#### Instructions to follow
Without changing a word, copy every line of the listing below and leave out the images.

#### Supplied data
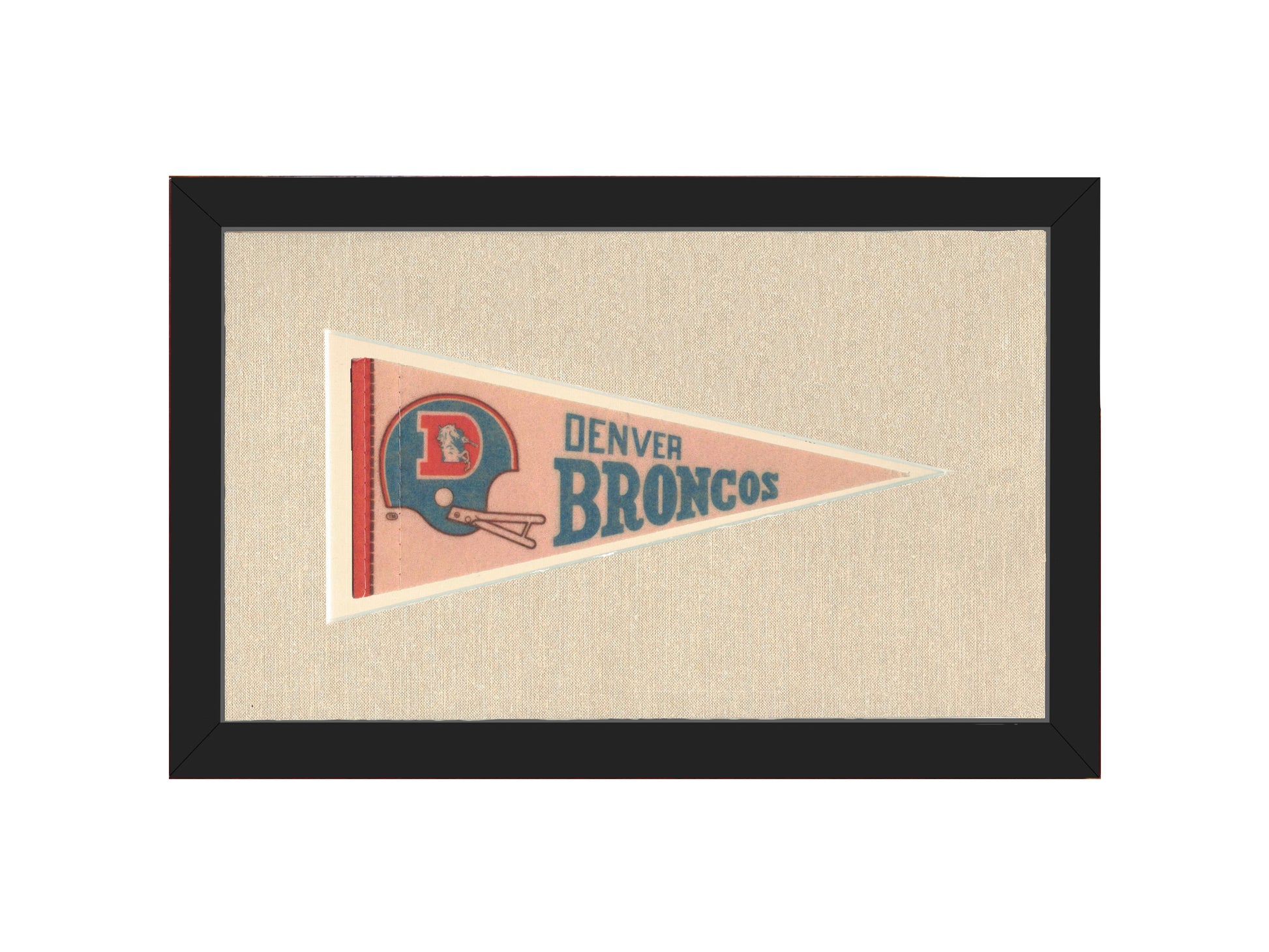 A rare piece of vintage Denver Broncos history from the 1950s available in your choice of Black or Mahogany frame. Framed in U/V glass and cut mat.
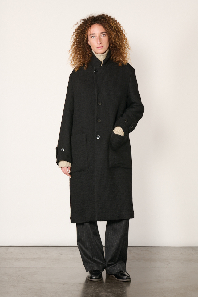 Réalisé en laine douce au tissage tridimensionnel, il dévoile une coupe droite et élégante. Son col peut se porté ouvert ou fermé à l’aide de boutons.
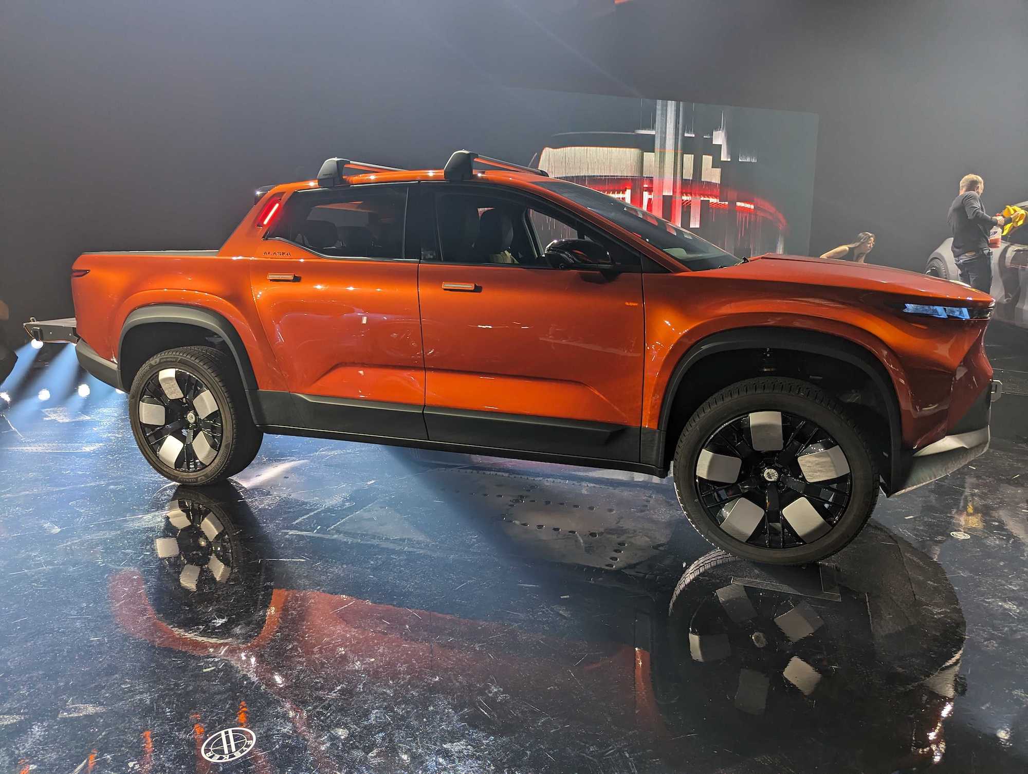 One unique feature of the PEAR is the rear tailgate which neither opens up or down like traditional tailgates. Instead, it slides down into the rear bumper and disappears. The company also refers to this as the “Houdini Trunk,” the same name it uses for a somewhat similar disappearing act in the pickup.

#### Exercise answer
 A rare piece of vintage Denver Broncos history from the 1950s available in your choice of Black or Mahogany frame. Framed in U/V glass and cut mat.
 Réalisé en laine douce au tissage tridimensionnel, il dévoile une coupe droite et élégante. Son col peut se porté ouvert ou fermé à l’aide de boutons.
 One unique feature of the PEAR is the rear tailgate which neither opens up or down like traditional tailgates. Instead, it slides down into the rear bumper and disappears. The company also refers to this as the “Houdini Trunk,” the same name it uses for a somewhat similar disappearing act in the pickup.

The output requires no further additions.